On March 16, 1895 it was reported that Emig was a member of the Bellevue (Ohio) Browns, but that he may sign with the Lima (Ohio) team. In May 1895 Emig was pitching for the Cincinnati Y.M.C.A. team and in a game against a Maysville (Kentucky) team and he was touted as a “good thing,” but he “didn’t pan out.  He left his feet at the breakaway and was sent to the stable.” Charlie was signed by the Norwood (OH) baseball team on June 27, 1895. At season end, Emig returned to Bellevue.

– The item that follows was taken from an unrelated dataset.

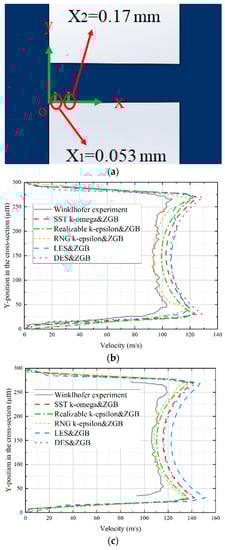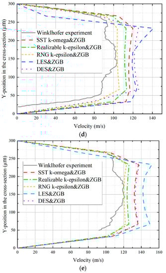 Combined with Figure 8c,e, the results obtained from the combination of the five models all match the trend of the test data at section x1 under the 67 bar ΔP condition, but this still makes it difficult to reproduce the flow velocity distribution in the range of about 50–100 μm away from the wall at x2. As can be seen from Table 6 and Table 8, the computational error of the flow velocity distribution near the wall at the 67 bar ΔP condition is slightly improved compared to that at the 55 bar ΔP condition. However, the simulation results are still somewhat different from the experimental data. For the central basin of cross-sections x1 and x2, the calculation errors of RNG - and ZGB models are still the smallest, i.e., the calculation errors at both cross-sections are within 8%. In contrast, DES and ZGB have the largest computational errors, which exceed 19% in both cross-sections.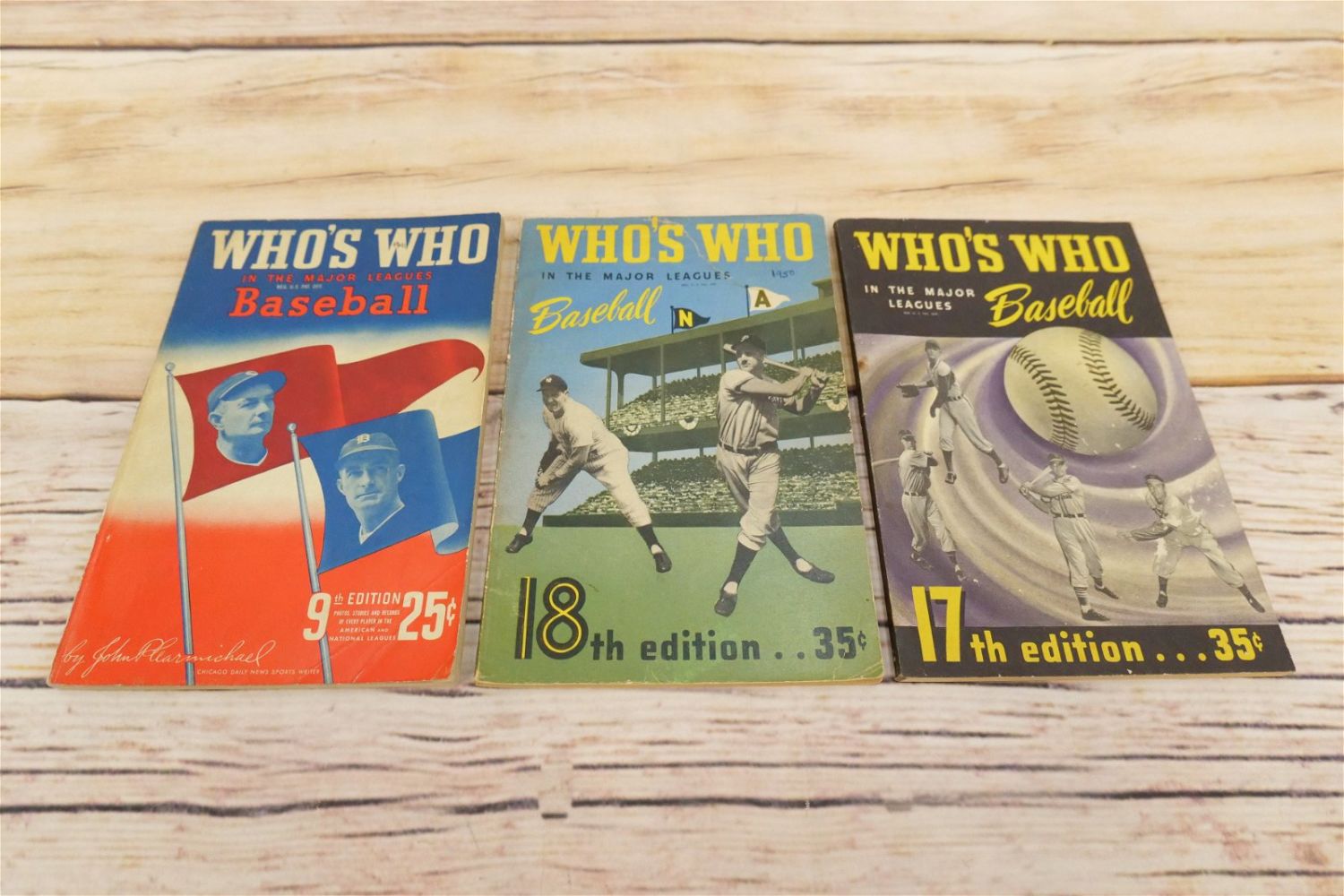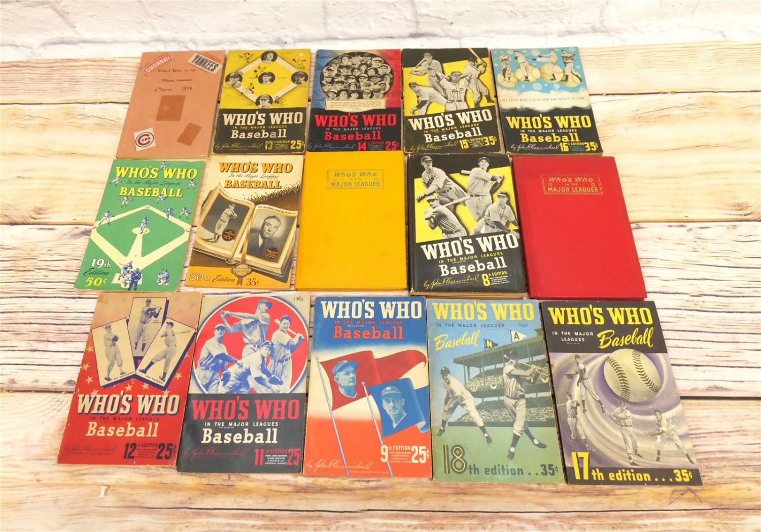 Lot of 15 Who’s Who in Baseball Books. Including 1938 – Coverless and missing inside title page, 1939 – Hardcover and Signed, 1940 Hardcover, 1941, 1942 – Hardcover, 1943-1952. Some books may be incomplete. We did not look cover to cover for staining, cutouts, completion, etc.. Books vary from poor to excellent condition. All invoices must be paid within 24 hours of the sale. We offer multiple shipping options, We also offer Pick-Ups Thursday, Friday, Saturday, and Monday immediately following the sale. BY APPOINTMENT ONLY.

In 1896, he was back with the Bellevue Browns.  He pitched his last game for the Browns on August 29, 1896 and it was noted that “after the game at Portsmouth he leaves for Washington City to join the Louisvilles.”  Emig’s pitching had attracted the attention of Cincinnati Reds player-manager Buck Ewing who voiced the opinion that “the Bellevue southpaw Emig would make an excellent pitcher with more experience and more weight.” Earlier it had been reported that Ewing intended to audition “Charles Emig, the famous twirler of the Bellevue Browns, in a game against Louisville,”  On that same August 29 date, the Cleveland Plain Dealer reported that on their way back from a trip to Chicago, “the Reds tried their new left-handed pitcher Emig” in an exhibition game against an independent pro club in Dayton. “He was very effective and would have shut out Dayton, but [Billy] Rhines was put in and Dayton scored to runs [in the ninth],”  Emig was the winning pitcher in the 8-2 Cincinnati victory, striking out five. Given this, how Emig ended up with the NL doormat Louisville Colonels is something of a mystery. Whatever the reason, Emig left home shortly after his Cincinnati tryout to join the Louisville Colonels.

Emig had the fortune or misfortune to be joining the Louisville Colonels who were one of the worst teams in baseball history.  That year the team managed to win only 38 games while losing 93 for a .290 winning percentage.  The team was managed by Bill McGunnigle who had a three-year major league career as a pitcher and outfielder.  McGunnigle then was a very successful manager in Brooklyn for three years. When Emig joined the Colonels they were solidly in last place with 29 wins and 80 loses (a .266 winning percentage). 

Emig finally made the lineup when he started the first game of a doubleheader with the Washington Nationals in Washington, DC on Friday, September 4, 1896. It was ladies day at the park and there were a reported 5,000 people at the game for the doubleheader.  This was to be his only major league appearance.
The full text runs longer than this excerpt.